Despite not uncovering a statistically significant relationship between pre-adoption factors, such as performance expectancy and effort expectancy, and the confirmation of expectations among students, the study highlighted the central role of confirmation in shaping subsequent post-adoption dimensions—namely, perceived usefulness, satisfaction, and self-efficacy. Moreover, these post-adoption dimensions emerged as robust predictors of continuance intention. This underscores that students’ positive experiences with IVR and Metaverse technologies in the classroom profoundly influence their intentions to persist in using IVR for learning purposes.

From a theoretical perspective, this study delivers a substantial contribution by applying the EECM to the nuanced context of IVR technology adoption in education. The EECM, initially introduced by Gupta and colleagues in 2020, serves as a formidable framework for understanding technology acceptance and utilization, effectively bridging the gap between pre-adoption and post-adoption phases. While employed in various technological domains, its application within the immersive realm of technologies like IVR within educational settings remains largely unexplored. By extending the EECM’s scope to encompass IVR and Metaverse applications, this study enriches our theoretical comprehension of technology acceptance dynamics within educational contexts. It recognizes the unique challenges posed by immersive technologies, where initial experiences wield significant influence over acceptance, and aligns them with well-established theoretical constructs. This augmentation presents a more comprehensive model for elucidating the adoption of IVR technology.

The study’s outcomes carry substantial practical implications for educational institutions willing to integrate IVR technology into their courses. Institutions are encouraged to conduct assessments of students’ pre-existing levels of familiarity with IVR technology and their expectations regarding the course in question. This valuable information should be used to tailor course content and deliver specialized training programs to students with varying degrees of technology proficiency. Such an approach ensures that students can extract maximum educational benefits from IVR technology.

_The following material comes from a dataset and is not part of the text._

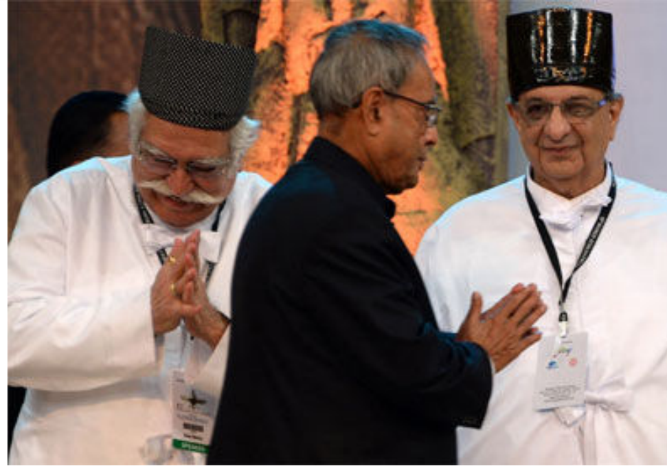
President of India, Hon. Pranab Mukherjee is seen greeting Dr. Cyrus Poonawalla, Chairman, 10th World Congress in Mumbai on Friday, 27th December 2013.

Moreover, the research underscores the profound significance of experiential congruence in technology-driven education. When students perceive that their initial expectations regarding IVR are met, it not only heightens their recognition of its educational worth but also amplifies their satisfaction and confidence in its utilization. This phenomenon possesses far-reaching implications for advancing technology acceptance and adoption in educational settings.

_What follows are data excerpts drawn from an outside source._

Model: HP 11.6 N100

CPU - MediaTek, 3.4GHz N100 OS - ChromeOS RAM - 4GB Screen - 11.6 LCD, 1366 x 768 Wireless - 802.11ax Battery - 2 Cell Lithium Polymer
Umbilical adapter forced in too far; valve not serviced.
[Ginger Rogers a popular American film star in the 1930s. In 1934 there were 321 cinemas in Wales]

In summary, while this study did not provide direct evidence supporting the influence of pre-adoption dimensions on confirmation, it undeniably underscores the indispensable role of confirmation in shaping subsequent post-adoption perceptions and intentions. These findings not only offer pragmatic insights for educational institutions and technology developers but also beckon forth an expansive realm of further research into the multifaceted dynamics of IVR and Metaverse technology acceptance within educational contexts.